A customization of llama.cpp focused on running large sparse mixture-of-experts models on a single consumer GPU, plus a set of server and web-UI additions for long-running hosted inference.

Headline addition: MoE hot expert compute cache

Running a model like Qwen3.5-122B-A10B on a single 24GB GPU requires offloading the expert FFN weights to system RAM (-ot exps=CPU). Decode then becomes CPU-bound — the GPU sits idle ~86% of the time pulling 8-of-256 expert rows across the PCIe boundary per layer.

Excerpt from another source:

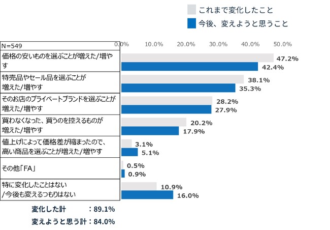 「商品選び」は唯一、変えようと思う選択項目が(変化した計が89.1%、変えようと思う計が84.0%)約5%減少しています。いろいろな商品の価格が全体的に上昇しているので、商品選択でコストセービングをするのは難しいと考える人が増えているのかもしれません。しかし、依然として84%の人は「商品選び」を変えようと考えています。
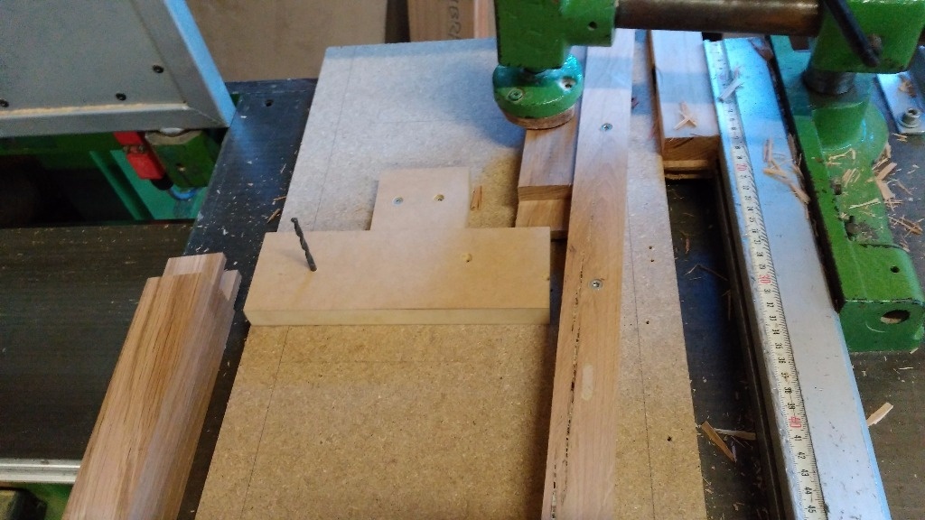 Le gabarit est constitué de deux cales en chêne de la même épaisseur que les pieds et de deux cales en contre plaqué qui servent de butée pour la longueur des mortaises.

This fork adds a per-layer hot expert cache that pins the top-K most-activated experts in VRAM and runs them on the GPU in parallel with the remaining experts on CPU. At K=42 on Qwen3.5-122B-A10B-Q4_K_L, this moves decode from CPU-bound toward balanced-parallel, with measurable throughput gains that scale with the cache hit rate.

How it works:

  • The graph emits two MUL_MAT_ID ops per projection per MoE layer — a hot branch on GPU and a cold branch on CPU — with expert ids anchored so each branch masks out the other's experts via a sentinel-skip flag (GGML_MUL_MAT_ID_FLAG_SENTINEL).
  • The cold branch is fused into a single custom CPU op (llama_moe_fused_cold_compute) that combines up + gate + SwiGLU + down into one dispatch with 3 internal OpenMP barriers instead of the 4-op graph's ~8.
  • Async cross-backend copies on a dedicated CUDA stream, with look-ahead prefetch, let the scheduler overlap GPU hot compute with CPU cold compute rather than serializing behind cross-backend input transfers.
  • Hot set is chosen by a per-layer tumbling-window counter over routing frequencies, rebalanced every N decodes (default 60) with hysteresis to suppress thrashing.
  • FILLING mode eagerly bootstraps the cache over the first ~8 decodes so the initial prefill doesn't have to wait for a full rebalance interval.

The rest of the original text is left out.